|Publication number||US20050012817 A1|
|Application number||US 10/620,247|
|Publication date||Jan 20, 2005|
|Filing date||Jul 15, 2003|
|Priority date||Jul 15, 2003|
|Publication number||10620247, 620247, US 2005/0012817 A1, US 2005/012817 A1, US 20050012817 A1, US 20050012817A1, US 2005012817 A1, US 2005012817A1, US-A1-20050012817, US-A1-2005012817, US2005/0012817A1, US2005/012817A1, US20050012817 A1, US20050012817A1, US2005012817 A1, US2005012817A1|
|Inventors||Arun Hampapur, Sharathchandra Pankanti, Andrew Senior, Ying-Li Tian, Lisa Brown, Rudolf Bolle|
|Original Assignee||International Business Machines Corporation|
|Export Citation||BiBTeX, EndNote, RefMan|
|Patent Citations (3), Referenced by (72), Classifications (9), Legal Events (1)|
|External Links: USPTO, USPTO Assignment, Espacenet|
1. Field of the Invention
This invention relates to a surveillance system and method and, more specifically, to surveillance of one or more selected objects in a three dimensional space, where information is gathered about the selected objects.

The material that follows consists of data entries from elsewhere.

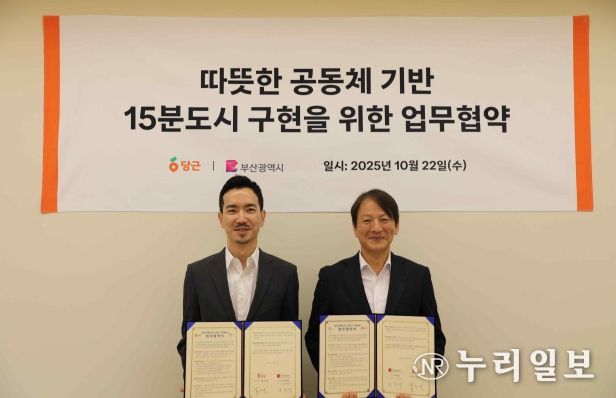 (누리일보) 부산시는 22일 오후 2시 10분 서울 ㈜당근마켓 본사에서 ㈜당근마켓(대표이사 황도연)과 '따뜻한 공동체 기반 15분도시 구현을 위한 업무협약'을 체결했다고 밝혔다.
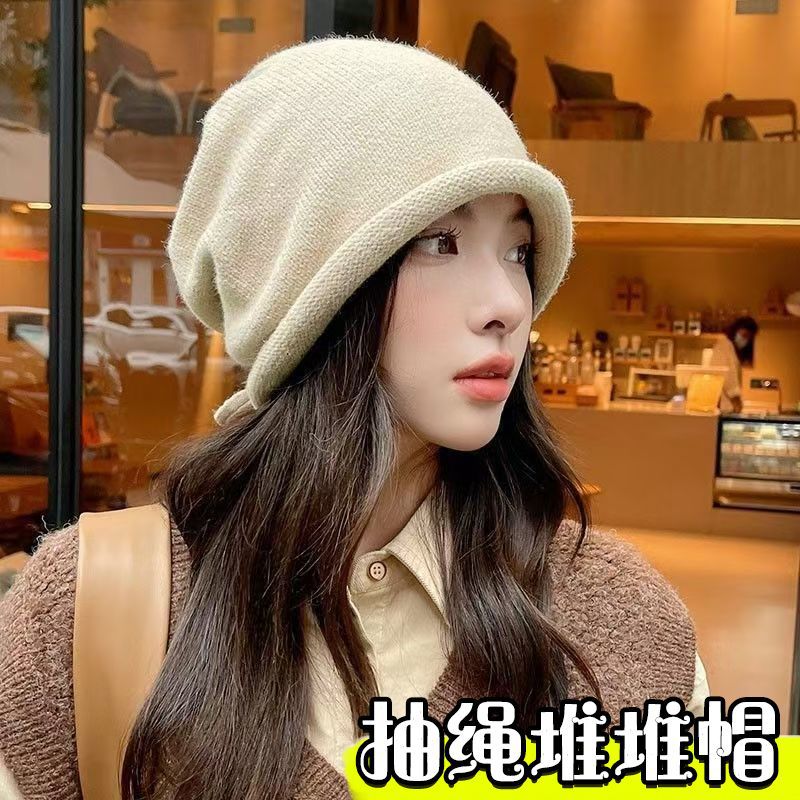 帽子の女性は秋冬に帽子を積み上げて顔を見せます。毛糸帽子は保温して防寒します。
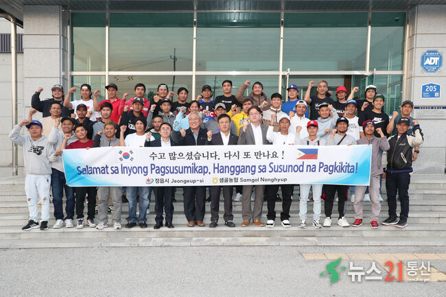 정읍시는 지난 6일 약 6개월간의 활동을 마친 필리핀 근로자 38명을 위한 환송식을 열고 감사의 뜻을 전했다고 7일 밝혔다.
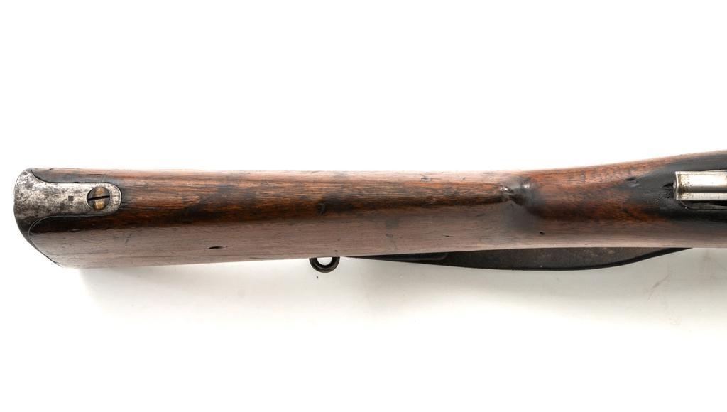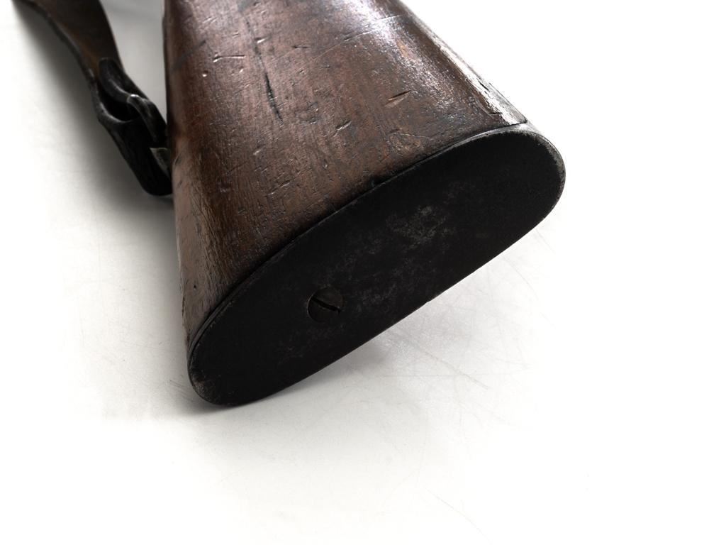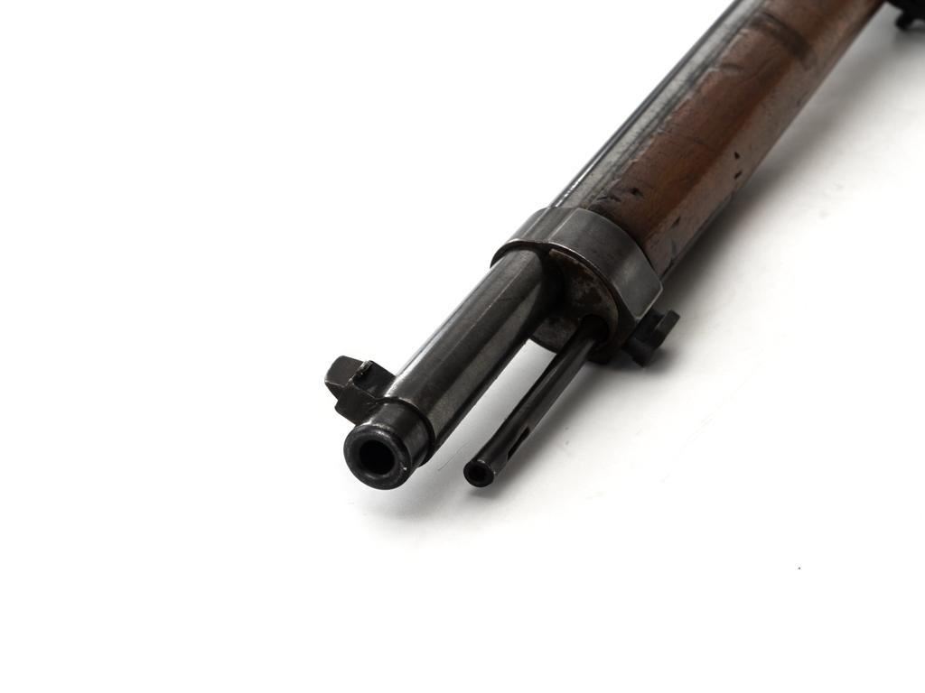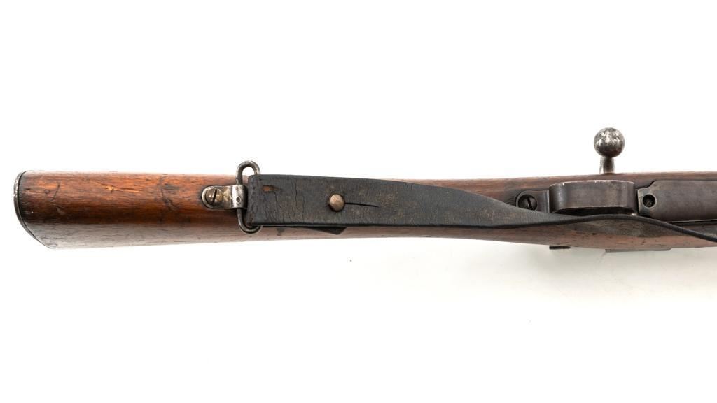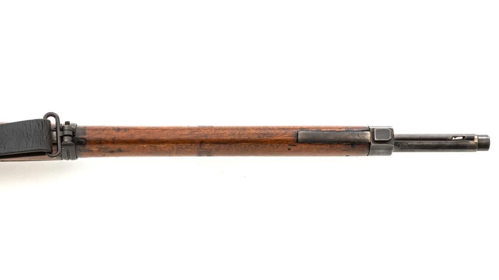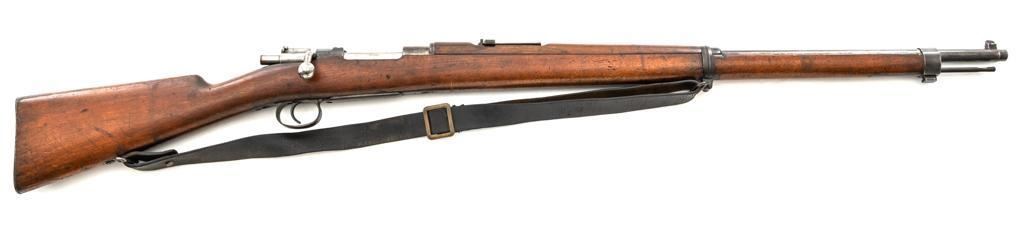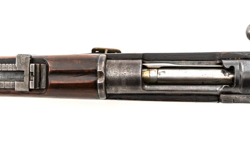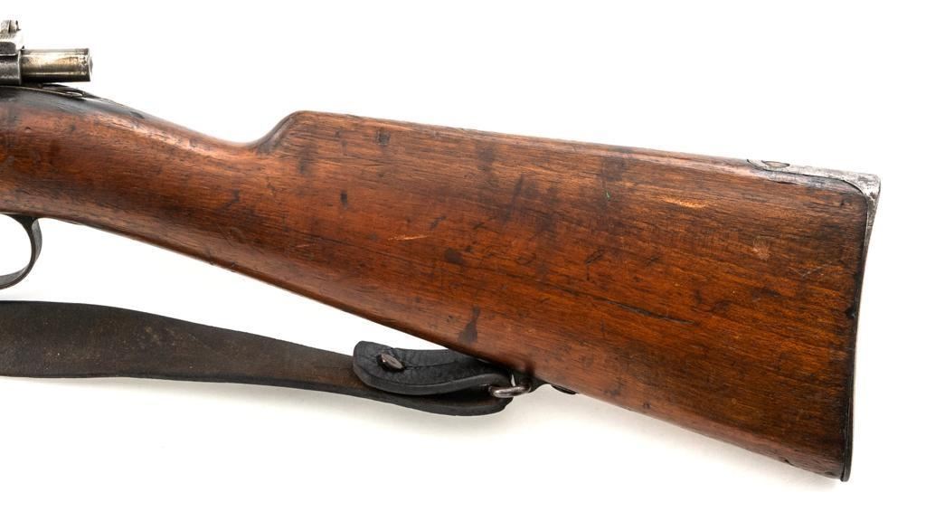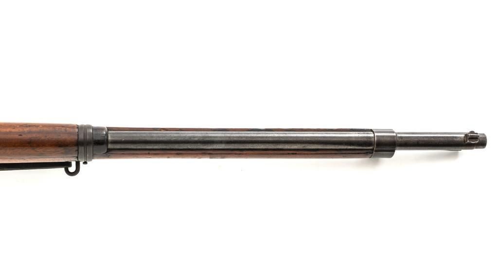 FN M1893 Mauser Bolt Action Rifle, #4875, 7x57mm cal., 29.5" barrel, blued finish, hardwood stock and handguard, dovetailed inverted-"V" front sight, and adjustable folding leaf rear sight with "V"-notch, graduated to 2000 meters. Includes a steel cleaning rod and black leather sling with brass buckle. Sling is in fair condition, showing age and wear. Screw stem tip is broken off the cleaning rod. Top of the receiver ring is marked "FABRIQUE NATIONALE/HERSTAL-LIEGE". Matching numbers on the trigger guard and magazine floorplate. No numbers on bolt assembly. No visible import marks. Condition overall is good, with the metal having a mottled gray/brown appearance. Bright bolt assembly has darkened and shows areas of patina. Wood is good, with scattered impressions and a few more larger gouges. Bolt operates smoothly but the safety lever is jammed into the fire position. Rifling is visible but the bore is dark and pitted. Rifle is possibly one of 14,000 made by FN on contract for Spain without identifying markings. Est.: $500-$800. (C&R)

2. Description of the Related Art
Visual tracking of moving objects is a very active area of research. However, there are relatively few efforts underway today that address the issue of multi-scale imaging. Some of these efforts include Peixoto, Batista and Araujo, “A Surveillance System Combining Peripheral and Foveated Motion Tracking,” ICPR, 1998, which discusses a system that uses a wide-angle camera to detect people in a scene. Peixoto et al. uses a ground plane assumption to infer 3D position of a person under observation. This 3D position is then used to initialize a binocular-active camera to track the person. Optic flow from the binocular camera images is then used in smooth pursuit of the target.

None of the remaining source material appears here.